Over time the lots will grow fresh fruits and vegetables using indigenous species and low maintenance plants that do not require watering. This is critical at this time as the city has web scrutinized for its public water supply. 

While these lots begin to become productive the plans are in place to rebuild new affordable housing that can serve our community's workers and students. There is a huge gap in housing that is underserved and project FORA is going to lead the charge in the missing middle housing. 

Thursday, October 15, 2015

Arts Tech Biz Mash-Up Conference

Project FORA was invited by the University of Michigan Flint to present at the ARTS / TECH / BIZ Mash-Up Conference which was held in July 2015. The conference focus was on emerging entrepreneurial talent that merged aspects of artistic endeavors, technology, and/or creative business models. Project FORA was again honored to be invited to talk to Flint based faculty, staff, students, and local community members about the core tenets of what we are all about.

What was added to this conversation was something new. Project FORA Founder, Kurt Neiswender, has expanded from not just pro bono practice, but into the realm of social entrepreneurship. In addition to Project FORA, Kurt has developed a L3C entity named Urban coLAB Architecture. An L3C business structure is short for Low-Profit Limited Liability Company, and is considered a hybrid of nonprofit, community focused practice, and a traditional LLC, for profit business structure.

The Urban coLAB Architecture L3C can benefit from the best of both models. By the way, Michigan is leading the charge with having the most approved L3C's. To learn more about the L3C structure please visit this link.

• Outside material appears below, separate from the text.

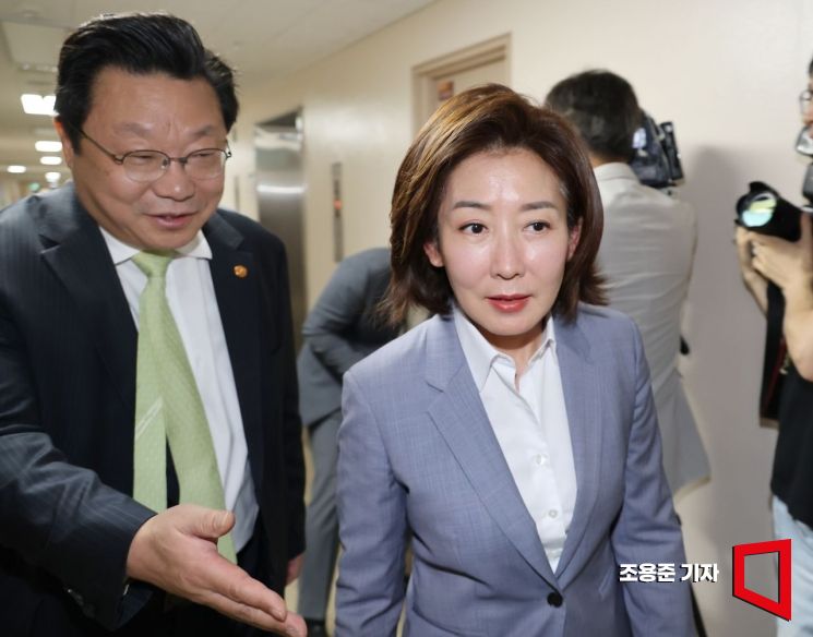 나경원 국민의힘 당선인(전 저출산고령사회위원회 부위원장)이 10일 서울 종로 정부서울청사에서 저출산고령사회위원회를 방문, 주형환 부위원장의 안내를 받고 있다. 사진=조용준 기자 jun21@

Moving past the business model to what it means for Project FORA, is that we can offer more services to the community with the two companies working collaboratively. Look for more exciting actions to come from both Project FORA and Urban coLAB Architecture.

2015 Structures for Inclusion Conference

Building on the previous success and positive response from the Michigan Association of Planning Conference, Project FORA is excited to announce that we were invited to talk at the international Structures For Inclusion Conference which was held in Detroit, Michigan at the Carr Center.

The SFI Conference focuses on Public Interest Design and this year was no different. We were honored to be among superstars of community engagement. Project FORA presented an updated version of our work with the South Parks Neighborhood Association and Brennan Park. Afterward we were part of  panel discussion regarding the practice of pro bono urban design.

Among the panelist were Design Voice from AIA Austin, AIA Detroit, and a collaborative team from New York City who worked to save the identity of a long time neighborhood in one of the outer boroughs.

It was energizing and refreshing to see emerging professionals taking the reigns and leading projects within their own communities to improve their urban spaces.